Due to its small genome and close relatedness with other grass crops, rice has served as a model plant for investigating genetic factors underlying crop productivity [33], [34]. To date, more than 600 rice genes have been experimentally cloned with related traits including yield, biotic and abiotic stresses, grain quality, plant architecture, fertility, etc. [2]. However, there is still a knowledge gap regarding the molecular basis of yield-related biological processes [1], suggesting the importance of systematic tools that can enable to understand functional role of genes [2], [35]. In this study, we employed a multiple QTL model that included all additive and dominance main effects of 1,619 markers, and all their pair-wise interactions with a total of more than 5 million possible effects, and then applied our EBlasso algorithm to identify QTLs for four agronomic related traits of rice, including yield, the number of panicles per plant, the number of grains per panicle and grain weight. Our QTL mapping revealed a number of QTLs for four traits, most of which are involved in digenic interactions. Moreover, most of these QTLs have at least one experimentally cloned gene within 20 cM distance.

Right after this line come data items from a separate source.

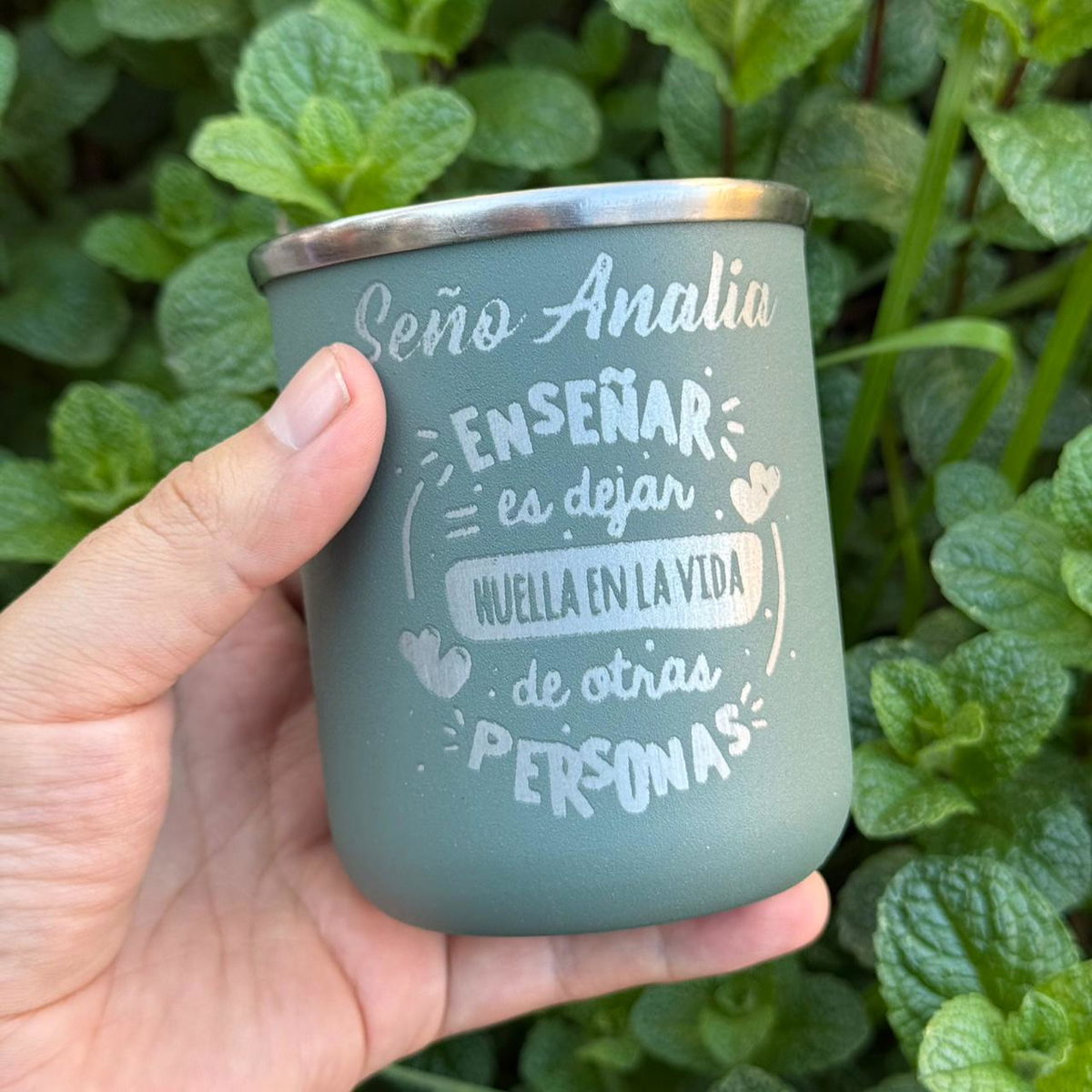 Una mate de acero + bombilla personalizado que incluye un grabado con: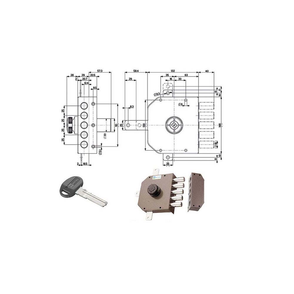 Serratura pompa chiave punzonata applicare legno 4 chiusure verticali - Pomolo interno Catenacci laterali 5 pistoni Misura scatola mm 132x146x30 - Entrata mm 63 Diametro cilindro mm 30 Fornita senza aste e deviatore Dotazione 3 chiavi testa plasticaC10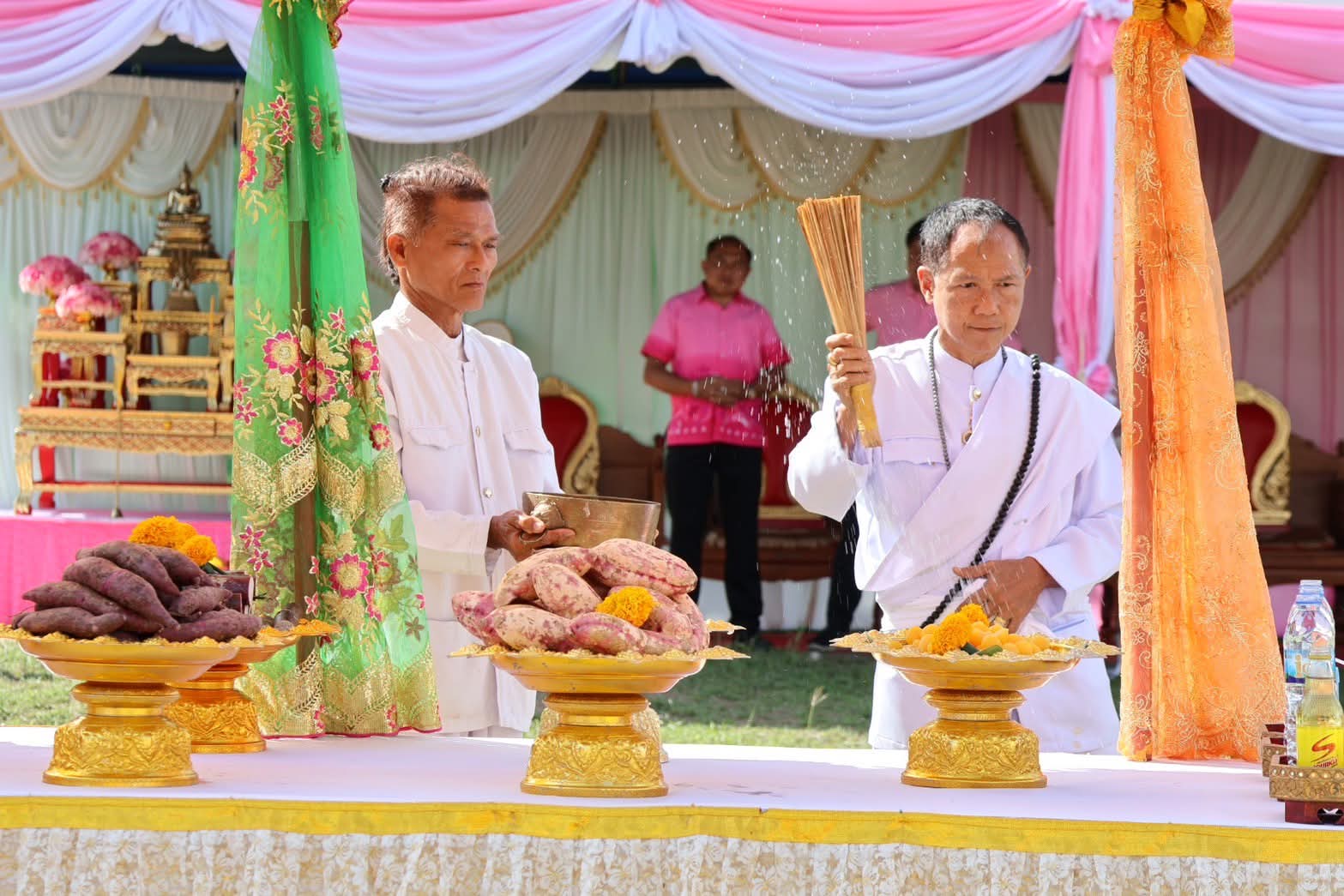 พิธีการเริ่มต้นด้วย นายอำเภอวังม่วง ถวายผ้าแพรเจ็ดสี และเริ่มพิธีบวงสรวงฯ จากนั้นเวลา 10.10 น. พระครูวรเขตภิบาล เจ้าคณะอำเภอวังม่วง ประธานฝ่ายสงฆ์ พร้อมด้วยพระสังฆาธิการรวม 10 รูป ได้ประกอบพิธีเจริญพระพุทธมนต์

The same set of markers in the recombinant inbred line (RIL) population where the “immortalized F_{2}” (IMF_{2}) was derived from were used for QTL mapping, via a composite interval mapping method with a scan window size of five markers [12]. Upon development of the IMF_{2} population, this dataset was obtained and the ANOVA method was applied to each pair of markers to identify both main and digenic interaction effects from 5,242,322 possible effects [24]. The composite interval mapping identified zero, three (Bin40, Bin446 and Bin1006), seven (Bins 49, 171, 439, 729, 928, 1008, and 1266), and one (Bin1007) QTLs for the number of panicles per plant, the number of grains per panicle, grain weight and yield per plant, respectively. The ANOVA method detected thousands (1432, 2696, 3524 and 2251) of digenic interactions between two bins with a *p*-value ≤0.001; and after those digenic interactions involving adjacent bins were merged, 115, 189, 238, and 204 effects were reported, respectively [24]. In contrast, our EBlasso method identified a reasonable number of effects and QTLs for each trait, and 35%–80% of identified effects for four traits involve at least one QTL that locates within 2 cM distance to at least one gene related to crop yield, which corroborates the reliability of the identified effects.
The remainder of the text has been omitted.